Italian, Spanish Bonds Rise as Italy Cancels Debt Auctions on Cash Surplus
Italian and Spanish 10-year government bonds rose after Italy canceled debt sales, citing a surplus of cash.
Ten-year debt advanced for the first time in three days after Italy said yesterday it would cancel an auction of medium- to long-term bonds scheduled for mid August “considering the large cash availability and the limited borrowing requirement.” Italian two-year notes fell after demand slid at a bill sale.
“The environment is highly fragile and volatile, that’s what you see today,” said Norbert Aul, a European rates strategist at RBC Capital Markets in London. “The Italian auction cancellation provided some relief,” though today’s debt sales provided some negative market reaction, he said.
The yield on 10-year Italian bonds slipped three basis points to 5.63 percent as of 5:05 p.m. in London, reversing an earlier increase to 5.72 percent. Similar-maturity Spanish yields dropped seven basis points to 5.96 percent, after rising to as much as 6.07 percent.
Benchmark bund yields fell two basis points to 2.74 percent. The 3.25 percent security maturing in July 2021 rose 0.205, or 2.05 euros per 1,000-euro face amount, to 104.365.
Bill Auctions
The difference in yield between Italian and Spanish bonds and their German counterparts, narrowed for the first day in three. The Italian 10-year security yielded 289 basis points more than similar maturity bunds, while the Spanish-German spread declined to 321 basis points.

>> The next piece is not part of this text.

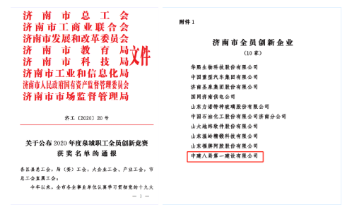 近日,山東省總工會(huì)、濟(jì)南市總工會(huì)相繼發(fā)布《關(guān)于公布 2020 年山東省全員創(chuàng)新企業(yè)的通知》和《關(guān)于2020年度泉城職工全員創(chuàng)新競(jìng)賽獲獎(jiǎng)名單的通報(bào)》,公司共榮獲5項(xiàng)獎(jiǎng)項(xiàng)。分別是“山東省全員創(chuàng)新企業(yè)”、“濟(jì)南市全員創(chuàng)新企業(yè)”、“濟(jì)南市創(chuàng)新型班組(綠色產(chǎn)業(yè)園新型模架工廠班組)”、“濟(jì)南市創(chuàng)新能手(張軍)”、“濟(jì)南市職工優(yōu)秀技術(shù)成果”。

Italy said it sold 7.5 billion euros ($10.9 billion) of six-month bills at an average yield of 2.269 percent, the highest in 2 1/2 years. Investors bid for 1.56 times the debt offered, down from 1.72 times in June. Spain auctioned 2.89 billion euros of three- and six-month bills, with yields rising and demand falling from a sale in June, data from the Bank of Spain showed.
“If you think that the market is buying into the EU summit of last week then you’d expect to see better T-bill auctions,” said Peter Chatwell, a fixed-income strategist at Credit Agricole Corporate & Investment Bank in London. “The auction yields were significantly higher than last time round. Demand for Spanish paper does look weaker.”
The six-month Spanish bills drew an average yield of 2.519 percent, with the so-called stop-out rate, the highest yield paid, 13 basis points higher at 2.65 percent.
Greek Bailout
Euro-region leaders seeking to stem the region’s debt crisis, decided on 159 billion euros of new aid for Greece last week and new powers for the 440 billion-euro rescue fund. Banks will voluntarily agree to write down the value of their Greek securities by 21 percent as part of the bond exchange and debt buyback program, the Institute of International Finance said July 22.
German bunds advanced for a third day as investors sought a refuge from turmoil in the U.S. debt market. President Barack Obama’s administration and Republican lawmakers remain at an impasse on raising the debt ceiling to avoid a default.
German government bonds handed investors 1.6 percent this year, compared with 3.3 percent for U.S. Treasuries and 0.1 percent for Spanish debt, according to indexes compiled by Bloomberg and the European Federation of Financial Analysts Societies. Italy’s bonds have lost 2.5 percent, while Portugal’s have declined 23 percent, the indexes show.
Deutsche Bank AG had net sovereign risks related to Portugal, Italy, Ireland, Greece and Spain of 3.67 billion euros as of June 30, a decline of 70 percent from the 12.1 billion euros at the end of 2010, the bank said today in its second- quarter earnings. The bank had a 155 million-euro writedown related to Greek government bonds, it said.